**Action item**
Reproduce word for word the lines between those holding "Baby boy and" and "6月18日,中国科学院大连化", inclusive, and nothing else from the data below.

**Record set**
• • • • •

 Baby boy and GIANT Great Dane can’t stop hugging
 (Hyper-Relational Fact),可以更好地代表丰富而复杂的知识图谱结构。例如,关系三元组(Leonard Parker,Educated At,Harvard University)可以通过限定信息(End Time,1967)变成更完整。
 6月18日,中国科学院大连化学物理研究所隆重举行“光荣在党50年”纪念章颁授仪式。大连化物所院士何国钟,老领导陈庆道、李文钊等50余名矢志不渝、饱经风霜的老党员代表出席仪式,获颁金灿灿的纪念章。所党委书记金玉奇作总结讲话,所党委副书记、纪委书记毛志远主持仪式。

• • • • •

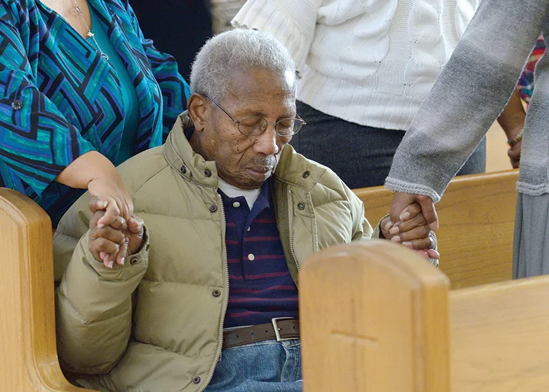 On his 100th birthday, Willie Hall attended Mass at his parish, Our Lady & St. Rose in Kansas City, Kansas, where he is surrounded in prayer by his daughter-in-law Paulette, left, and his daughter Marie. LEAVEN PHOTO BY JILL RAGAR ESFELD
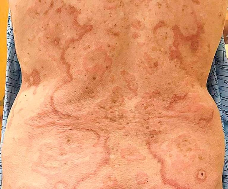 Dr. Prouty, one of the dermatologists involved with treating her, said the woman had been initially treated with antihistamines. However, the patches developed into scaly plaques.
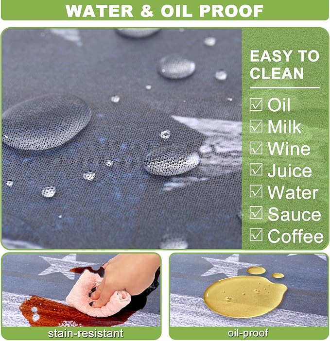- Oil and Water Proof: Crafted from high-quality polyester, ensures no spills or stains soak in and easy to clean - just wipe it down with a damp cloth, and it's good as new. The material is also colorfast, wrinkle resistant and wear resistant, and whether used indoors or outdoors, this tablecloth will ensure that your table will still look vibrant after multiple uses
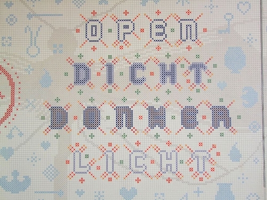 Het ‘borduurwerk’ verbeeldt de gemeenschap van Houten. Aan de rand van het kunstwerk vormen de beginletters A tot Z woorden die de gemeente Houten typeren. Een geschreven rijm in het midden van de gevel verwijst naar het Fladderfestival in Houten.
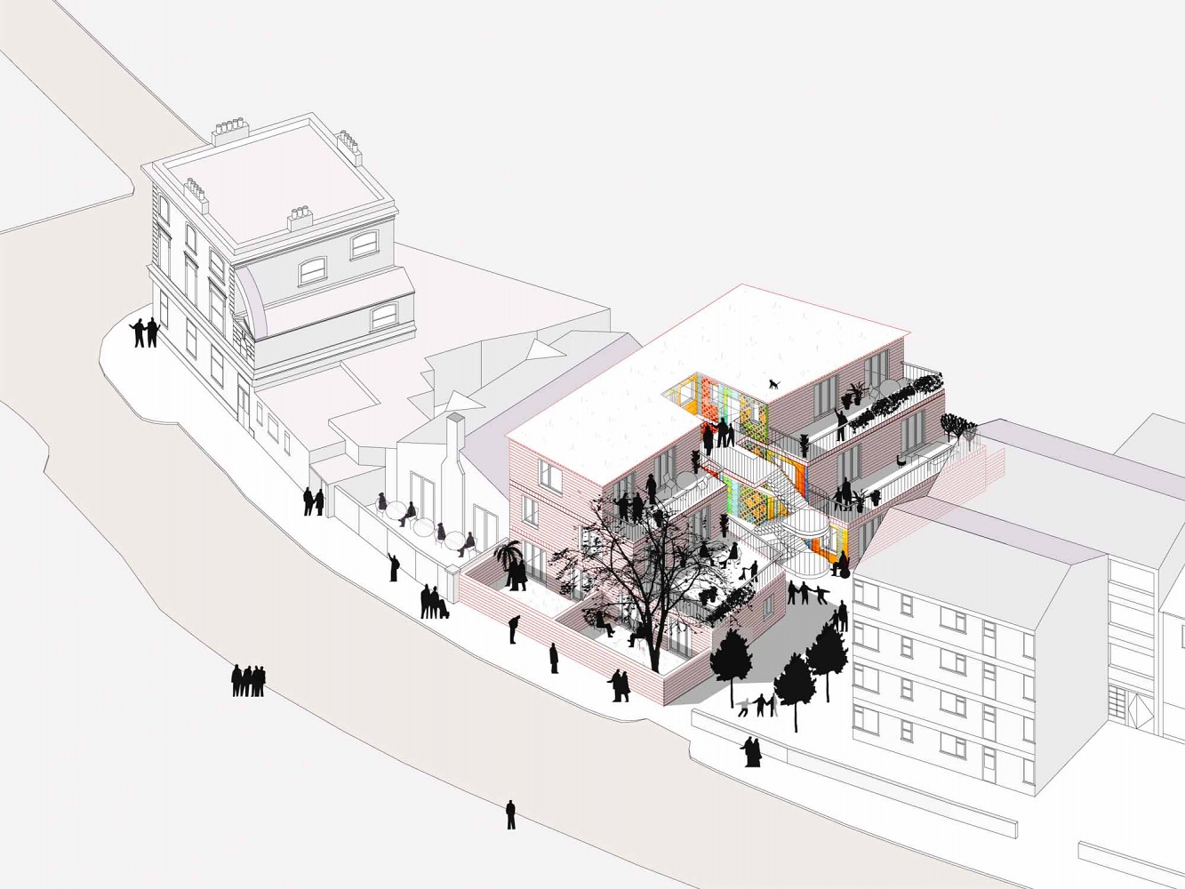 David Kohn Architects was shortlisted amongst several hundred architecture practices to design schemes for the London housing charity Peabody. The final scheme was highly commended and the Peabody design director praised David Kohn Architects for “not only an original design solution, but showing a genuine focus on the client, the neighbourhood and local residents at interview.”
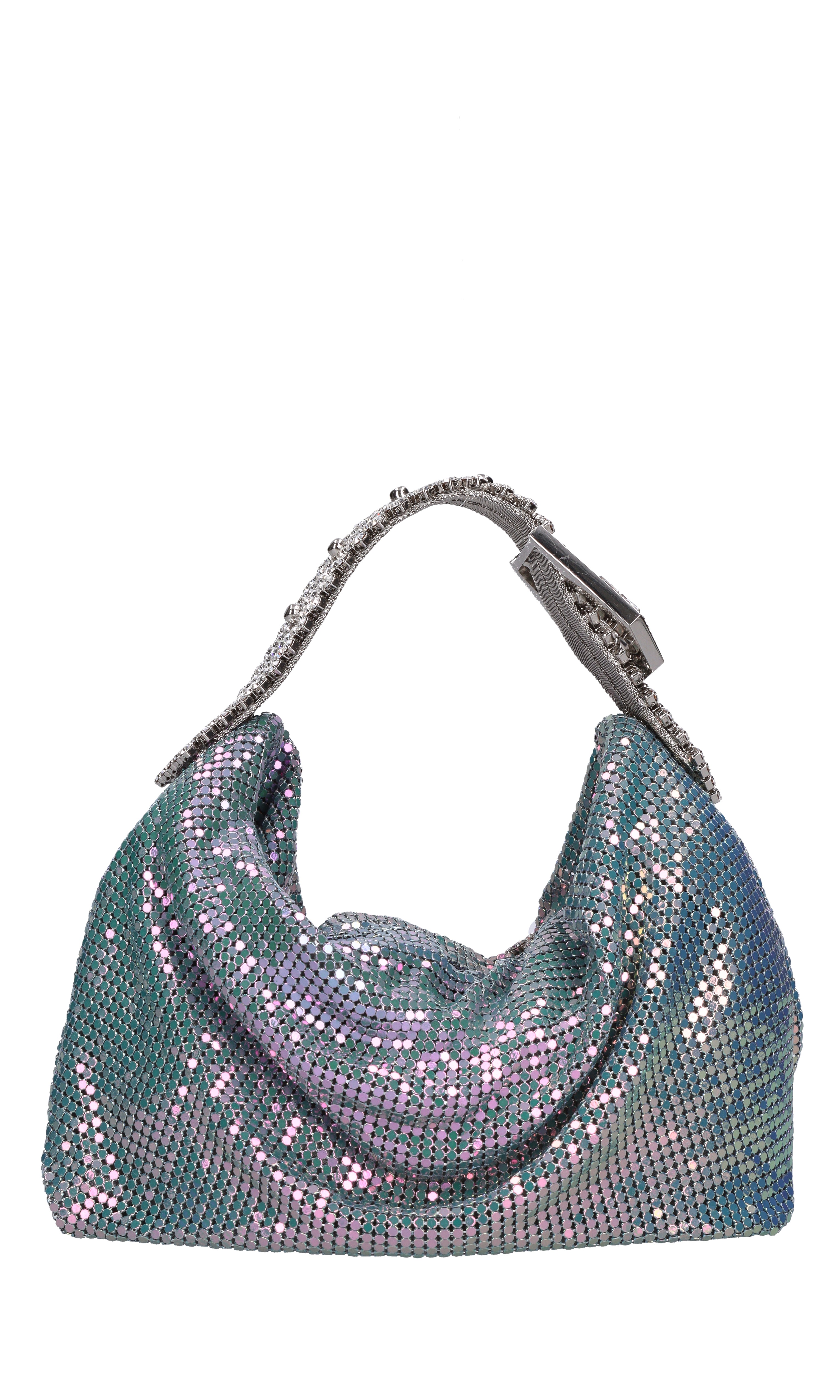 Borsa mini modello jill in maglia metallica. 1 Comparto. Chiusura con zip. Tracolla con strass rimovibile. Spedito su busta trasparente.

• • • • •

**Result of this task**
 Baby boy and GIANT Great Dane can’t stop hugging
 (Hyper-Relational Fact),可以更好地代表丰富而复杂的知识图谱结构。例如,关系三元组(Leonard Parker,Educated At,Harvard University)可以通过限定信息(End Time,1967)变成更完整。
 6月18日,中国科学院大连化学物理研究所隆重举行“光荣在党50年”纪念章颁授仪式。大连化物所院士何国钟,老领导陈庆道、李文钊等50余名矢志不渝、饱经风霜的老党员代表出席仪式,获颁金灿灿的纪念章。所党委书记金玉奇作总结讲话,所党委副书记、纪委书记毛志远主持仪式。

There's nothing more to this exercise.